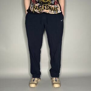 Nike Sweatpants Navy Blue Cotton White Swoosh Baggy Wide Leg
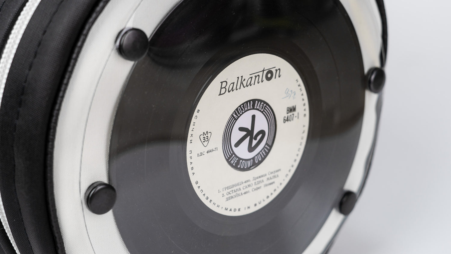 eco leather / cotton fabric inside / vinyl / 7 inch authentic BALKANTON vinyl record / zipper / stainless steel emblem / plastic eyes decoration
━━━━━━━━━━━━━━━━━━━━
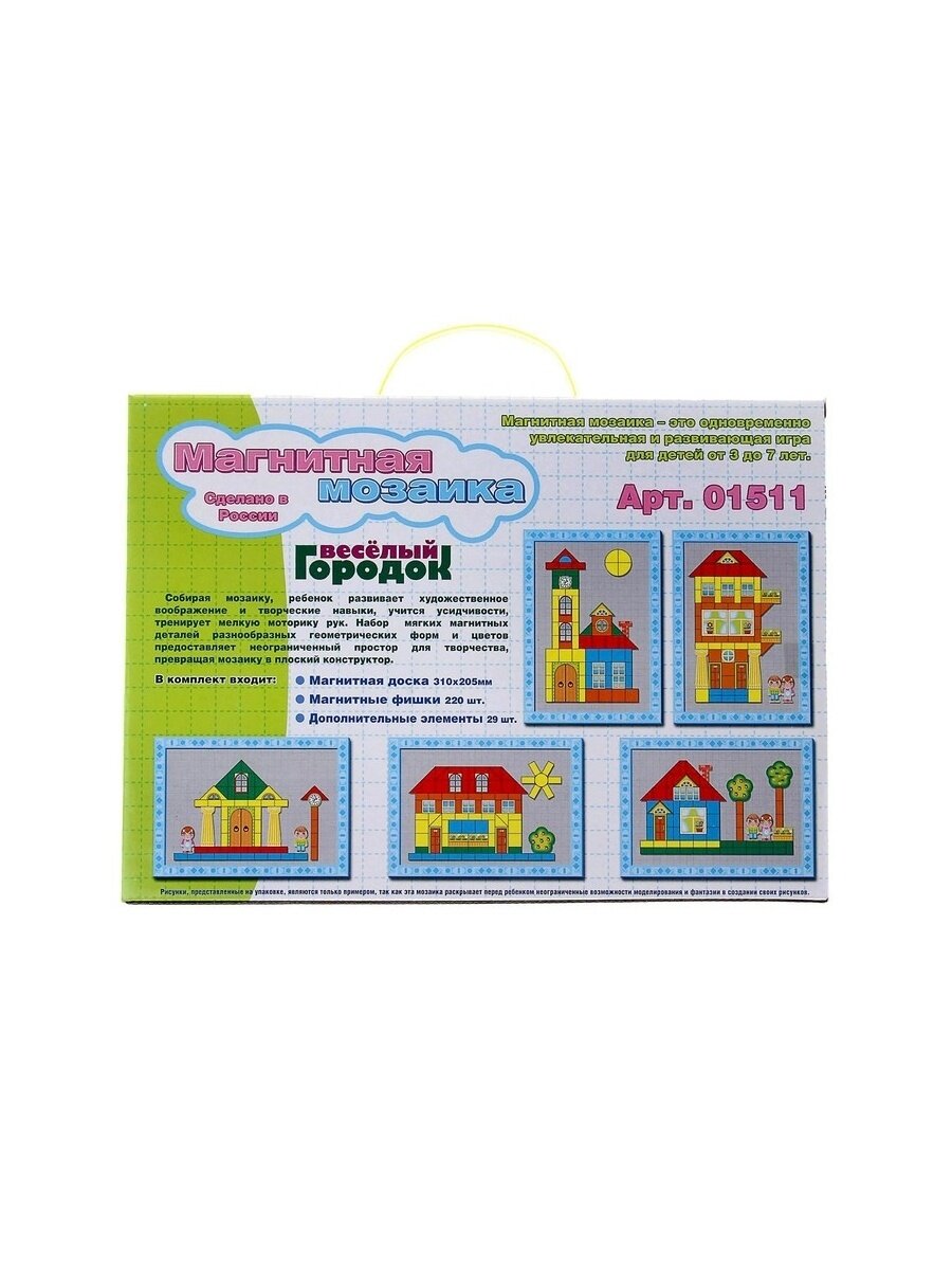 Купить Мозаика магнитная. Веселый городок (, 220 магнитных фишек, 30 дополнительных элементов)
━━━━━━━━━━━━━━━━━━━━
Work to complete: Output should consist of the lines above from the one with "Nike Sweatpants Navy" down to the one with "eco leather /", exact and without pictures.

Answer to this problem:
 Nike Sweatpants Navy Blue Cotton White Swoosh Baggy Wide Leg
 eco leather / cotton fabric inside / vinyl / 7 inch authentic BALKANTON vinyl record / zipper / stainless steel emblem / plastic eyes decoration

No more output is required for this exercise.